I was thinking about this story I read in high school about a soldier who drops a flask or something and then his group starts taking fire. So, someone has to get the flask, I think it was water and they were running low or something. Nobody wants to do it and he convinces himself to do it. Halfway through his slog towards that flask, with enemies firing at him, he realizes... well, actually, it depends on the reader's interpretation. One way to read it is that he realizes there are no heroes, a hero is really just a regular person doing something that has to be done. I thought that was a boring and pessimistic idea but that was not my reading of it. What I think actually happened was he realized that heroes are something that seem so far beyond the norm that a regular person could never think of themselves as a hero and yet he was one.
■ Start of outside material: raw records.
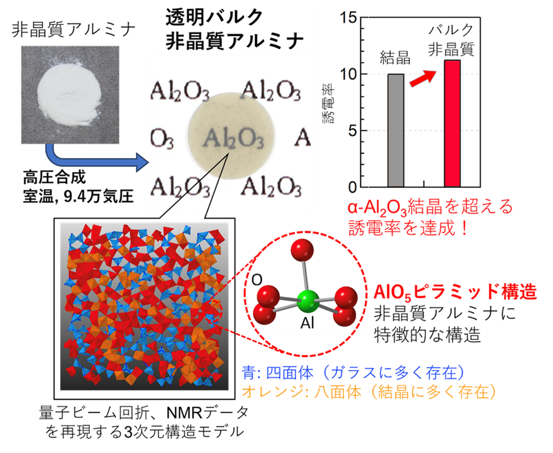 酸化アルミニウム(Al2O3、アルミナ)は、高強度、化学安定性、耐摩耗性、耐食性、電気絶縁性などの優れた物性を併せ持ち、セラミックス基板、半導体製造装置部品、自動車排ガス触媒、工業用研磨材、耐火材などの幅広い産業分野で利用されています。アルミナの多くは原子が規則正しく配列した結晶ですが、一部は原子配列に規則性を持たない非晶質(アモルファス)※1のアルミナです。アルミニウム金属を電気化学的に酸化すると薄膜状の多孔質非晶質アルミナが得られ、電子部品、コーティング材などとして利用されています。身近な日用品(やかん、鍋、弁当箱など)の表面にも耐食・耐久性向上を目的に非晶質アルミナ膜が形成されています(アルマイト処理)。一方、代表的な非晶質材料といえばガラス※2(窓ガラスのような厚みのある塊(バルク)状態の非晶質物質)ですが、アルミナは古くから「ガラスにならない酸化物」とされ、従来の溶融法ではガラスを作ることはできません。そのため、非晶質アルミナの研究は薄膜・多孔体・ナノ粒子に限定され、緻密なバルク非晶質アルミナを合成することはできませんでした。
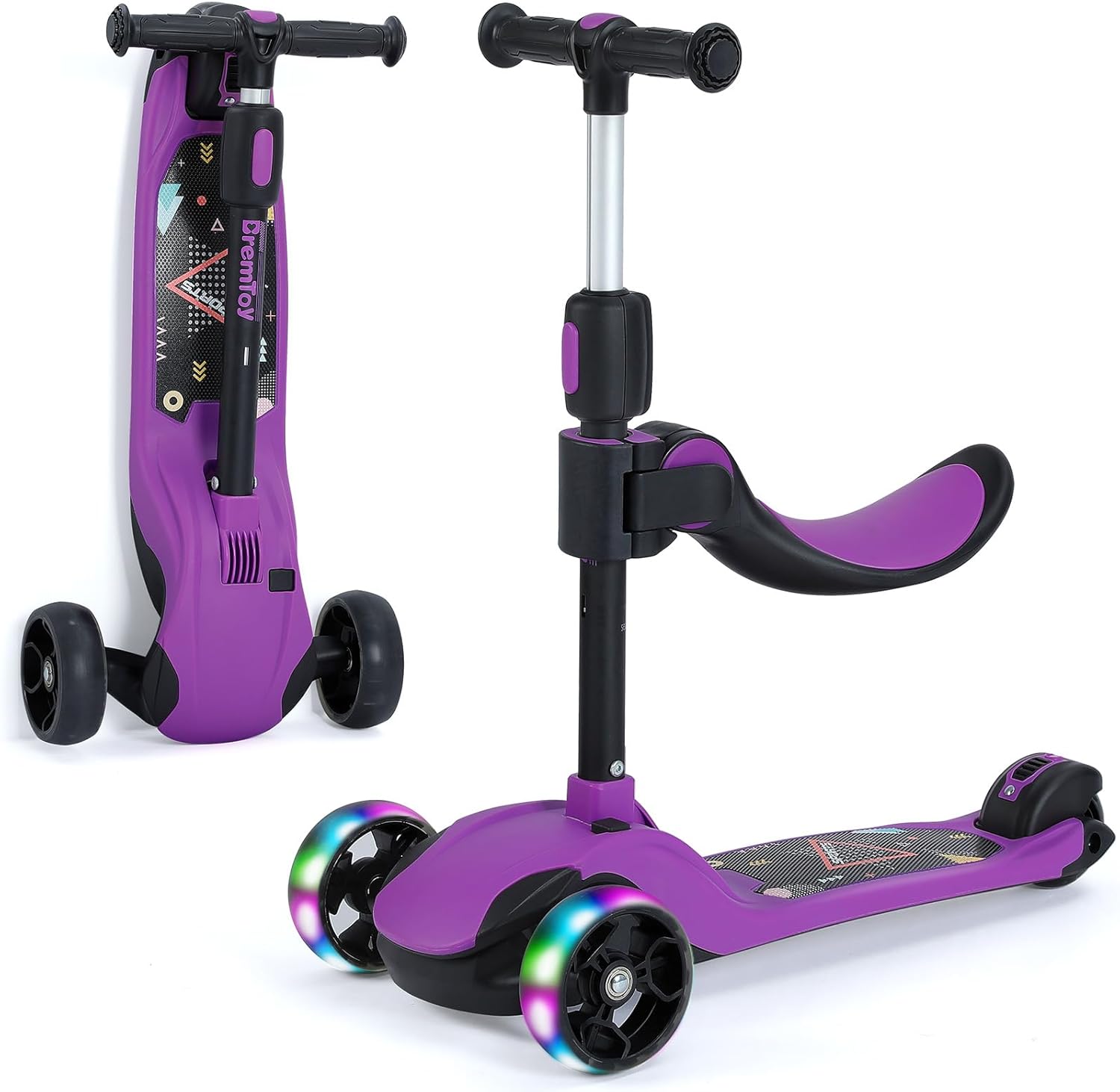 BremToy Roller Kinder mit abnehmbarem Sitz – stufenlos höhenverstellbarer Lenker, PU LED-Räder, faltbar
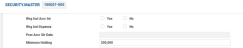 The Trade Currency, Trade Exch, Alt Sec Id and Alt Sec No fields are part of an associate multi-value set and can be used to define the various currencies and exchanges in which the security is allowed to be traded and also the relevant alternate index that is applicable. These fields can be set only if the Alt Index Check field is set to YES in the SM.PARAMETER.
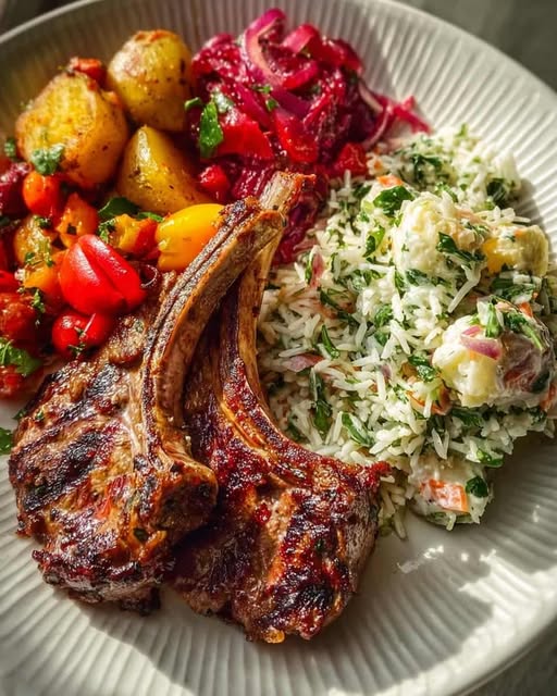 Arrange lamb, rice, salad, and potato mix for a balanced dinner plate, hearty meal combo, next-level comfort food.
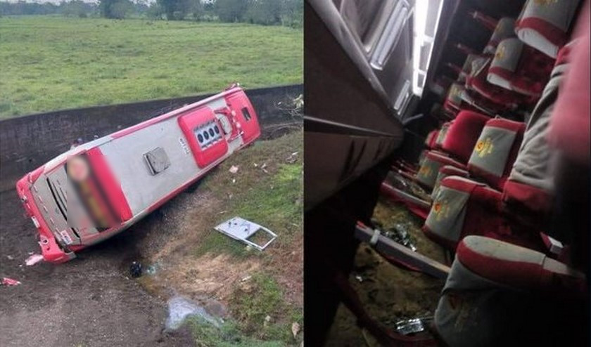 Pocas horas más tarde, en la madrugada de este martes 19 de noviembre, se presentó otro accidente en el kilómetro 4 de la misma vía, este fue protagonizado por un bus de servicio público que colisionó contra un semoviente, perdiendo el control del vehículo y terminando volcado al lado de la carretera, 14 personas resultaron lesionadas.
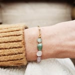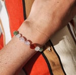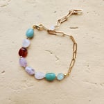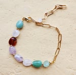 Le bracelet asymétrique MIRA tout de pierres fines (aventurine rouge et verte, améthyste, cristal de roche et quartz rose ✨️) et chaîne plaqué or 3 microns.
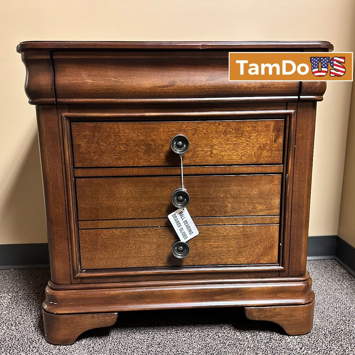 This premium solid-wood nightstand CM750NSO features a rich walnut finish and 3 smooth ball-bearing drawers. It is in new condition with minor scratches from shipping.
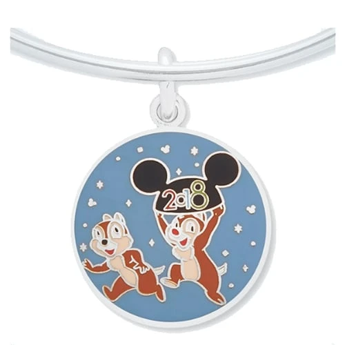 Those rascals Chip ‘n Dale are ready to celebrate the coming year as they hold up a ”2018” Mickey Mouse ear hat on this commemorative charm. Created by Alex and Ani, the enamel cloissoné design is available in polished golden or silver finishes.
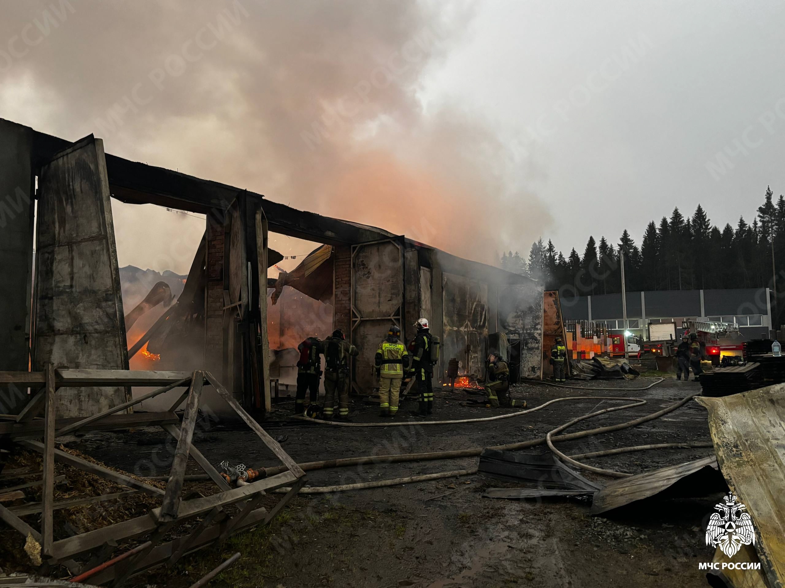 На место происшествия выехали десять единиц пожарной техники и 28 спасателей. Специалисты локализовали огонь к 06:59 утра. По предварительным данным, пожар повредил 800 квадратных метров помещений.

The latter interpretation was one that resonated with me, though I only realized it when I thought about it a few days ago. First off, I always lived with the mentality that I don't want to belong to a club that would have me as a member. While that's always going to be a funny quote, it's actually really harmful thinking. I think a person has to be someone they'd want to hang out with before other people are going to want to hang out with them. Maybe I worded that poorly but the simpler way of saying that is you have to like yourself before others will like you. Getting back to the story, it's a story of someone who realizes they are doing something that is considered beyond the scope of a normal person's ability but he is a normal person and he's doing it. So, in other words, anyone can be a hero. If anyone can do it, is it really so extraordinary?
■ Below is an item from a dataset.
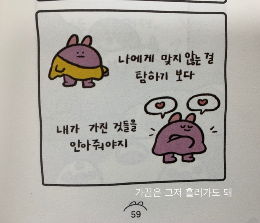 그림 그리기를 좋아했던 저자는 이렇게 귀여운 캐릭터를 만들고 이야기를 쓰면서도 다른 이와 비교하며 불행했던 시절이 있었다고 한다. 하지만 불안할 때 자신의 상황을 알아차리고 잘 대응하면 금세 빠져나올 수 있다고 하였다. 경험에서 나온 여러 가지 삶의 조언들은 20대가 하는 이야기 같지 않게 철학적이고 해탈의 경지에 이른 사람 같다. 사실 이론적으로는 이렇게 말하지만 실천이 쉽지만은 않았을 것이다. 누구나 그러니까. 하지만 힘들 때 힘들다는 걸 깨닫고 대처하는 것이 아무 생각 없이 흘러가는 시간에 휩쓸리는 것보다는 나을 것이다.
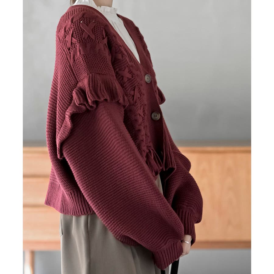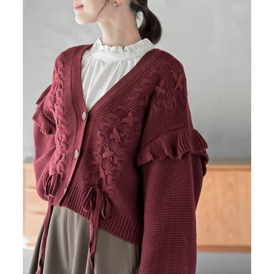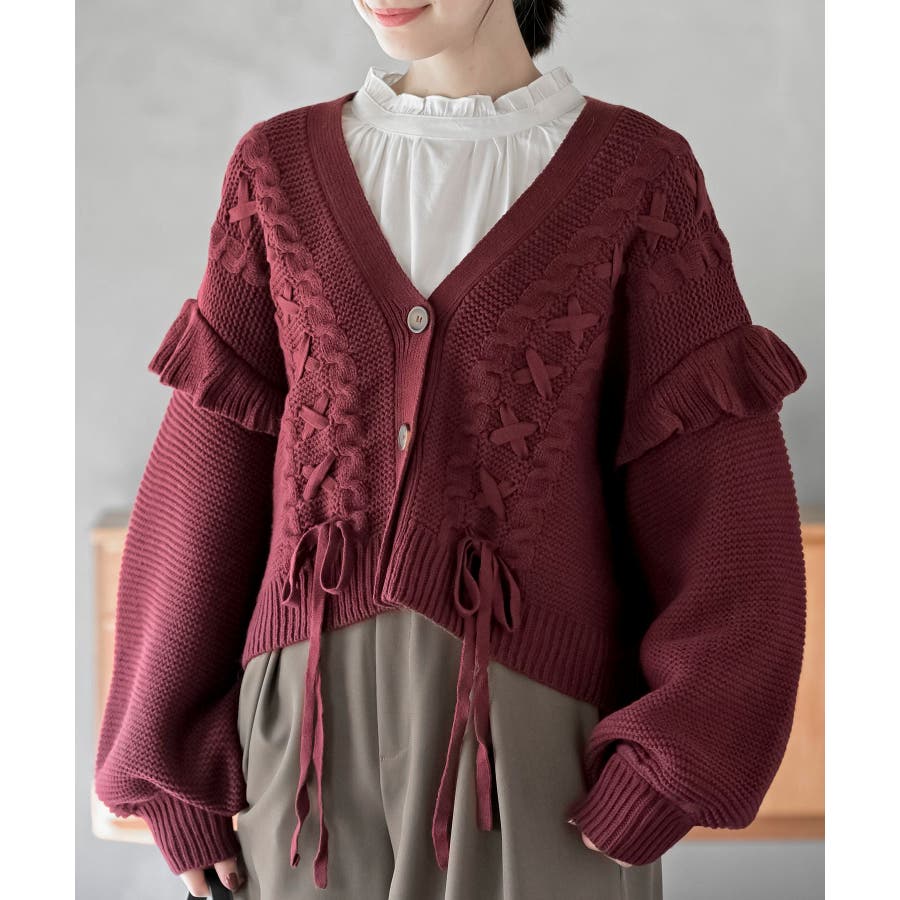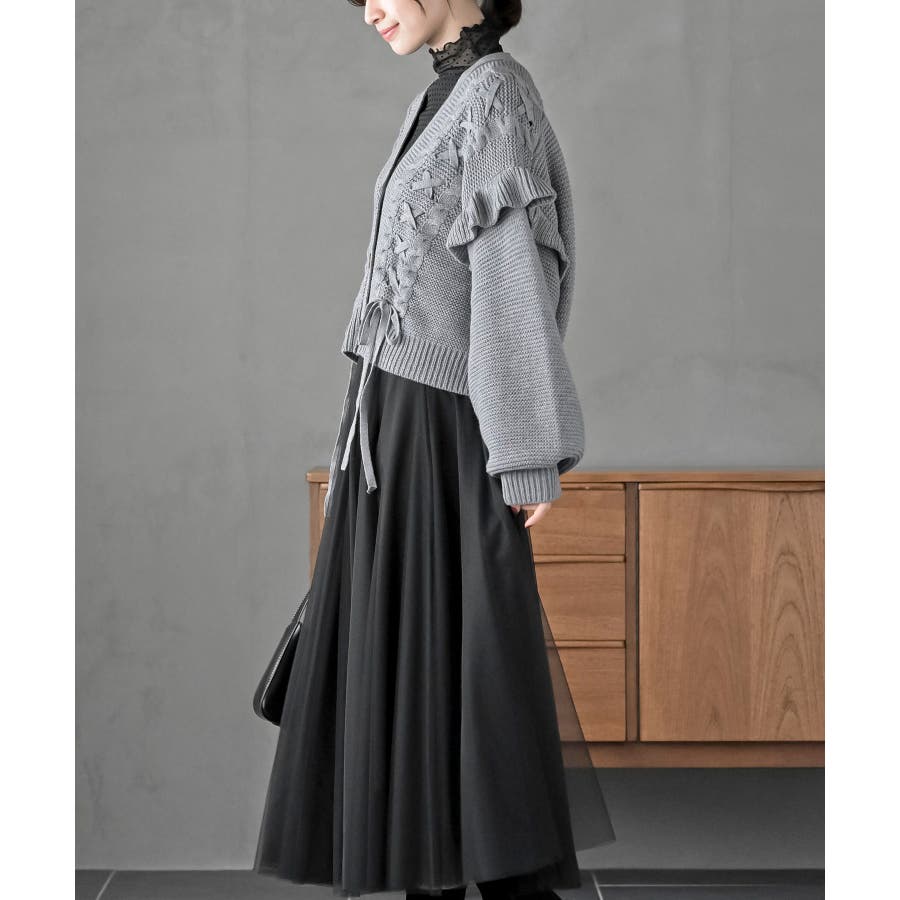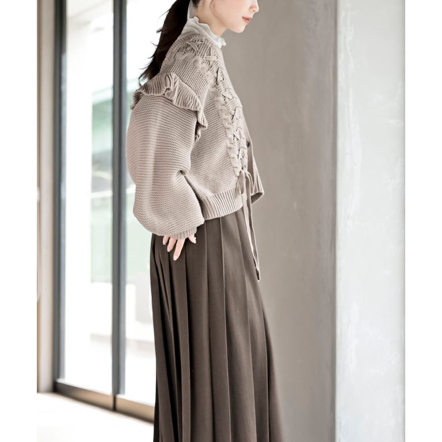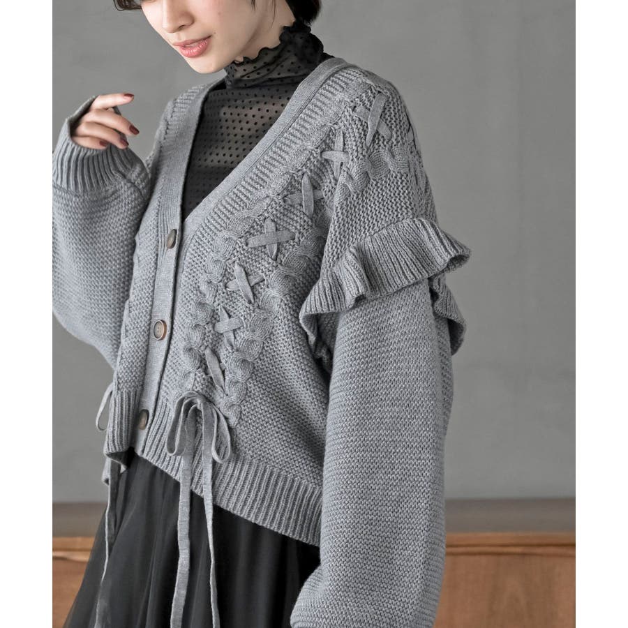 サイドレースアップケーブルフリルニットカーディガン

I bounce back and forth between answers. If life is so simple that everyone should end up with their little Maslow pyramids filled up, why is it hard for people who seem so capable to succeed? Why does it always feel like I am just smart enough to realize how stupid I really am? I guess it's my own fault for having unrealistic expectations and for being frustrated at having to start over in a lot of aspects in life. It was actually a nice memory, that old story. It made me think that maybe if I examined what I really have done and what I really do have, maybe I'm actually currently living an extraordinary life but it's become so run-of-the mill that I long to do something greater and that never being satisfied is a good thing. Maybe every step in life is like every step that the soldier in the story took and we never realize how far we've come until we're already there.
I really wish I could remember what that story was called.